As a photographer whose roots are in Fukushima, Tadao Mitome feels a duty to continue capturing images of the area to document the effects of the nuclear disaster triggered by the earthquake and tsunami of March 2011.

On March 11 this year, the third anniversary of the Great East Japan Earthquake, Mitome, 75, published a photo book titled “3/11 Fukushima: Hibaku no Bokujo” (“Stock Farm Exposed to Radiation”), documenting a farm in the village of Iitate and its dying horses.

“People should do whatever they are capable of doing,” Mitome said in a recent interview. “I take photos because I’m a photographer.”

Several weeks after the natural disasters triggered three core meltdowns at the Fukushima No. 1 nuclear plant in 2011, Mitome visited the prefecture where his parents were born to help those affected.

At a livestock auction, Mitome met the owner of a farm in Iitate, about 40 km away from the wrecked power plant, who had defied the central government’s order to evacuate.

“The man was hanging in there by wearing a towel around his head and his eyes were those of someone who truly loves animals,” Mitome said. “I loved to take photos of his.”

Mitome then started traveling back and forth between his home in Tokyo and the farm.
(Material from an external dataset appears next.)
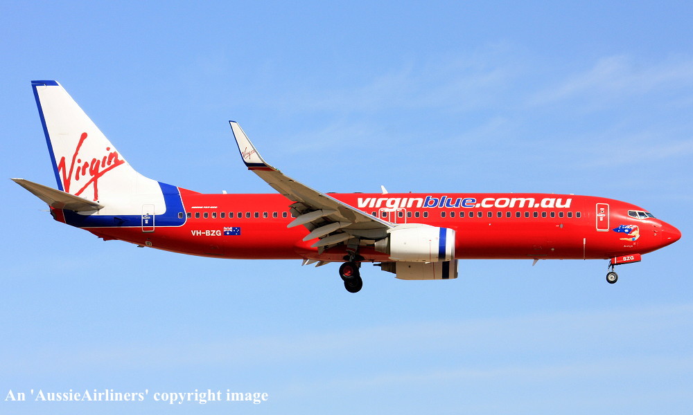VH-BZG. Virgin Blue - 'Brett's Jet' in the standard livery at Adelaide West Beach Airport, August 18, 2010. (R. Brown Copyright Image 4622-658.) |
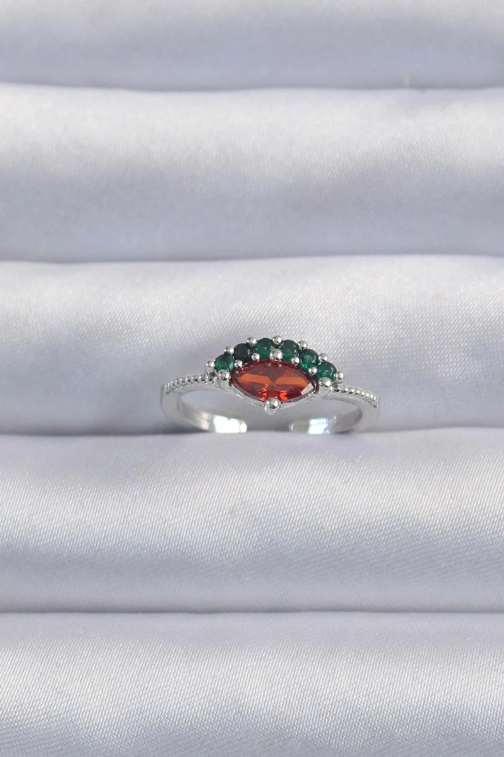 Pirinç Gümüş Renk Renkli Zirkon Taşlı Ayarlamalı Yüzük - TJ-BYK3256

After nearly two years, horses became weak and died, one by one, from an unknown cause. Some horses in Fukushima were also put to death and sent away for autopsies.

Mitome said he felt as though the eyes of the killed animals were trying to tell him that they would never let human beings forget about the nuclear disaster. He said he plans to visit Fukushima again.

Mitome was born on the Korean Peninsula in 1938, and moved to Japan at the age of 9. After becoming a photographer, he documented refugees in Cambodia, famine in Africa and other global tragedies.

In 1982, Mitome won the first Domon Ken Award, which is named after legendary photographer Ken Domon, who died in 1990. Mitome had been working mostly outside Japan until the Fukushima disaster drew attention to the Tohoku region.

“There are things that I must let people in the world know,” he said. “I have been able to keep reporting so tenaciously probably because of my roots in Tohoku.”

Looking back on his 56-year career, he said: “I have accumulated what I have seen and thought over these years and I will never stop. That is my life.”